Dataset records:
*** Block opens ***

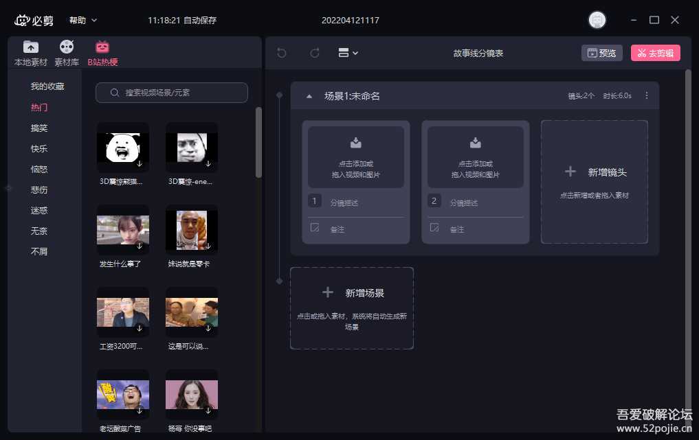 添加了素材集市功能,包括“一键三连”、“B站热梗”宝藏音乐、海量贴纸、专业转场、神仙特效
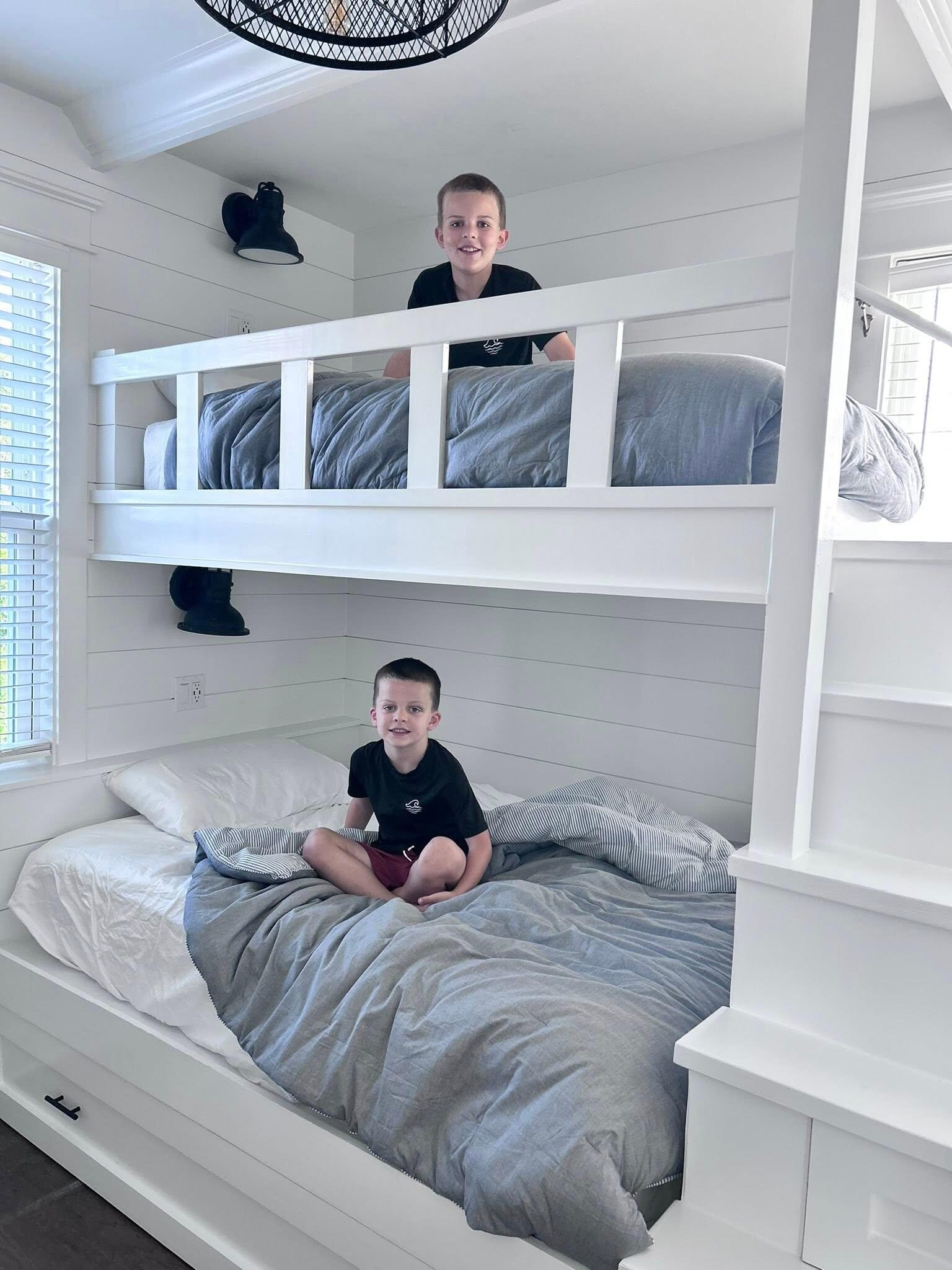 Inside, the home offers a breezy open layout filled with natural light, modern finishes, and all the little extras that make vacation feel effortless. The spacious primary suite features a king-size bed and private en-suite bathroom and private balcony, while a cozy queen bedroom and a cheerful bunk room (twin-over-full) offer space for everyone to unwind. A second full bathroom upstairs and a convenient powder room downstairs add to the home’s easy functionality.
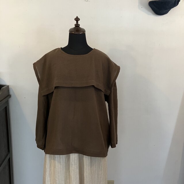 こちらは柔らかいコットンウール素材のトップスです。薄地で少し透け感のある生地を使用しています。
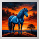 Póster Caballo azul en un vibrante paisaje atardecer
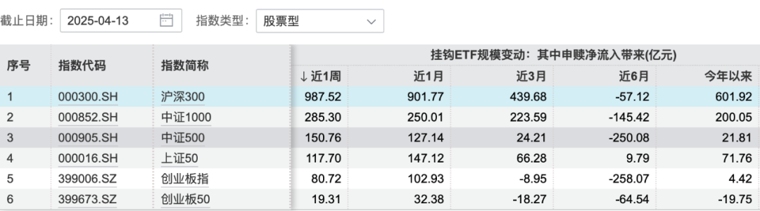 过去一周,A股市场跌宕起伏。但在政策“组合拳”呵护下,市场情绪逐渐修复,主要股指逐步反弹。 从资金层面看,过去一周ETF呈现大幅净流入趋势,融资融券余额也在周五触底反弹。有机构表示,机构投资情绪持续上行,显示市场已逐渐企稳。从多家券商的研判来看,市场后续大概率将进入区间震荡新格局,宜逢低增持。投资主线方面看好受益于扩内需的消费板块,自主可控领域,以及增持回购、业绩确定性方向。 资金流入显示市场企稳 Wind数据显示,截至4月13日,最近一周ETF规模增长(申赎净流入带动,下同)2259亿元,其中,股票型ETF增长1772亿元。沪深300ETF华泰柏瑞单吸金超340亿元,沪深300ETF易方达、沪深300ETF华夏亦超200亿元,均创下去年“924行情”后的新高。 据招商证券统计,过去一周资金大幅流入大盘指数ETF,全周资金净流入961.89亿元。金融地产、TMT、周期、沪港深指数ETF出现小幅资金流出。行情上,主投A股的ETF多数下跌,但国防军工ETF录得上涨,中游制造ETF跌幅较深。

*** Block closes ***

Your answer should be the lines from the opening of the records through the line with "Póster Caballo azul", both ends retyped exactly and pictures left out.

The answer:
 添加了素材集市功能,包括“一键三连”、“B站热梗”宝藏音乐、海量贴纸、专业转场、神仙特效
 Inside, the home offers a breezy open layout filled with natural light, modern finishes, and all the little extras that make vacation feel effortless. The spacious primary suite features a king-size bed and private en-suite bathroom and private balcony, while a cozy queen bedroom and a cheerful bunk room (twin-over-full) offer space for everyone to unwind. A second full bathroom upstairs and a convenient powder room downstairs add to the home’s easy functionality.
 こちらは柔らかいコットンウール素材のトップスです。薄地で少し透け感のある生地を使用しています。
 Póster Caballo azul en un vibrante paisaje atardecer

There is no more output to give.